→ Directions for this task
All lines from the one bearing "Helyiségei: 1 szoba, 2" through the end of the data below must be printed exactly as they stand, with pictures removed.
::: Stored data :::
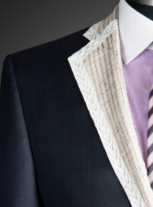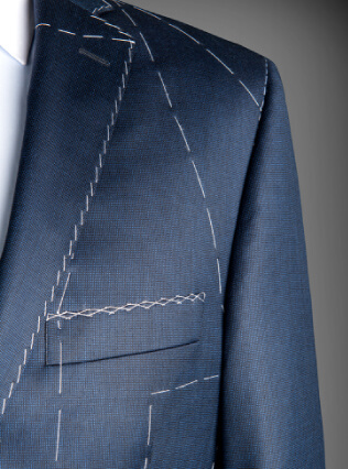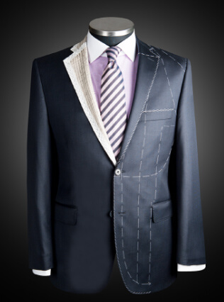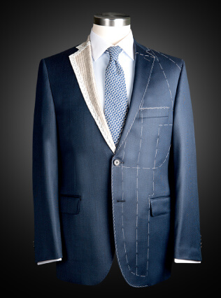 Prendas hechas con proceso half canvas y elaboradas con entretelas de alta calidad no fusionables lo que ofrece una excelente estructura antropométrica al vestirlas. Son elaboradas a mano en un porcentaje alto tanto en su parte interna como externa (costuras decorativas). Las piezas son prehormadas lo que hace que se ajusten de mejor manera al cuerpo, ofreciendo un mejor confort.
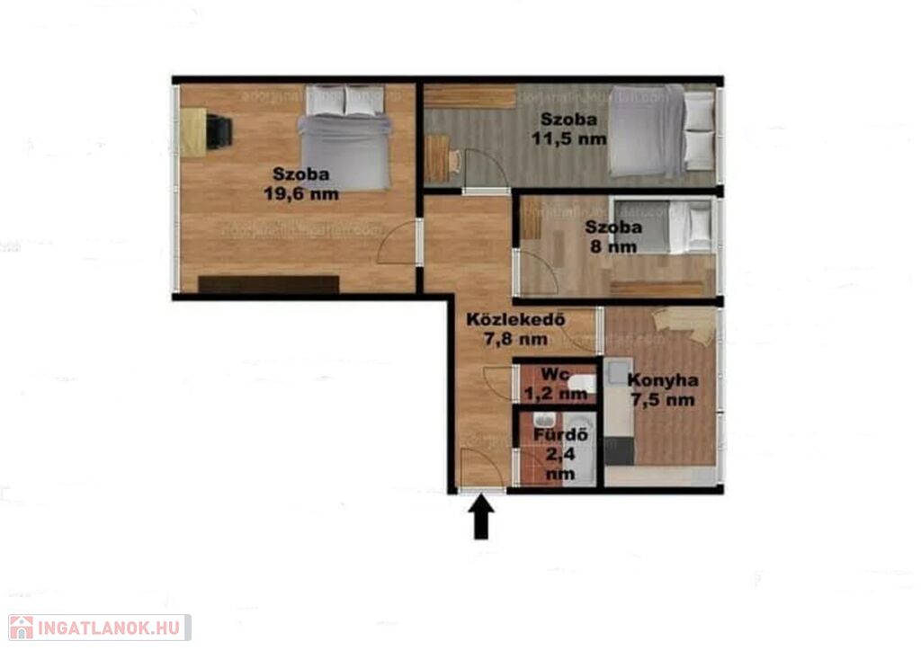 Helyiségei: 1 szoba, 2 félszoba, konyha, közlekedő, fürdőszoba, külön nyíló W.C., előszoba.
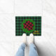 Doormats: Rustic green and black buffalo plaid pattern with Shamrock lucky clover leaf charm for your Christmas festive holidays
:::
→ Answer space
 Helyiségei: 1 szoba, 2 félszoba, konyha, közlekedő, fürdőszoba, külön nyíló W.C., előszoba.
 Doormats: Rustic green and black buffalo plaid pattern with Shamrock lucky clover leaf charm for your Christmas festive holidays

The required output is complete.